Extracted data entries:
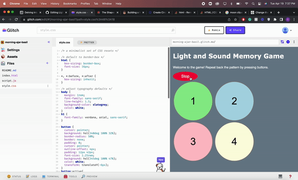If you used any outside resources to help complete your submission (websites, books, people, etc) list them here. [I used a javascript tutorial youtube video by Programming with Mosh to help me learn the syntax and power of javascript. I also used StackOverflow to help me develop the function which generates a random pattern for the game every time the game is started and to style the buttons.]
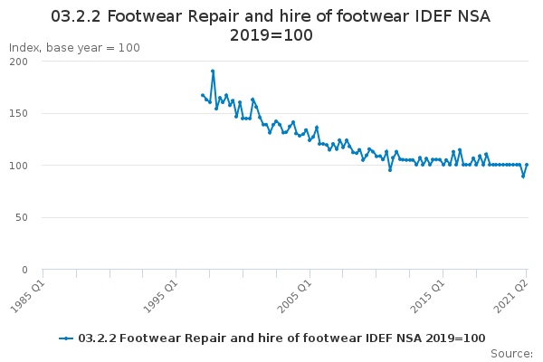 Download this time series03.2.2 Footwear Repair and hire of footwear IDEF NSA 2019=100
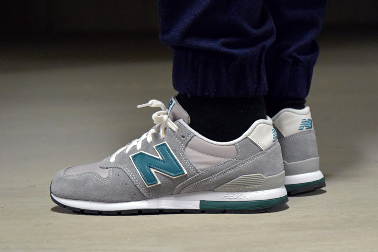 La paire est en daim et nylon gris clair. Le turquoise a été appliqué sur le N, les logos de la languette et du talon ainsi que la semelle extérieure.
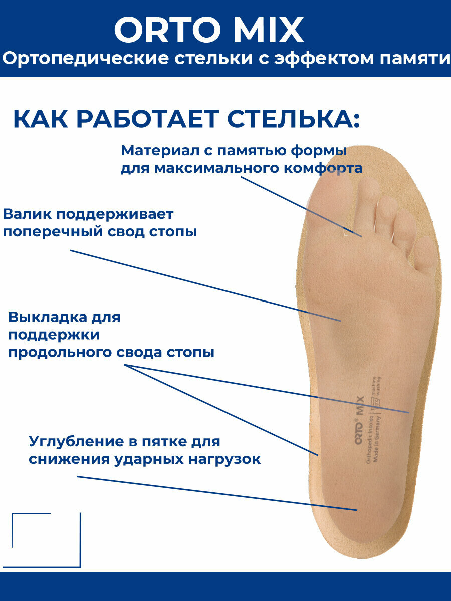 Ортопедические каркасные стельки Orto Mix с эффектом памяти мужские, женские от плоскостопия информация:
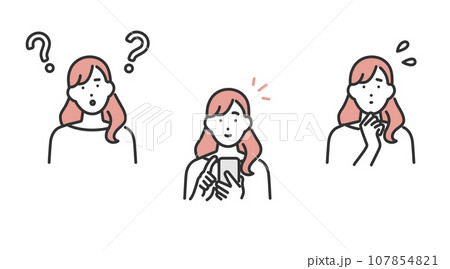 一個解決煩惱的年輕女人的簡單矢量插圖集素材

■ **TASK TO COMPLETE**
Your task is to retype, exactly and only, the lines from the line holding "Ортопедические каркасные стельки" through the final line of the data above, with both ends kept. Drop the pictures.

■ **EXERCISE ANSWER**
 Ортопедические каркасные стельки Orto Mix с эффектом памяти мужские, женские от плоскостопия информация:
 一個解決煩惱的年輕女人的簡單矢量插圖集素材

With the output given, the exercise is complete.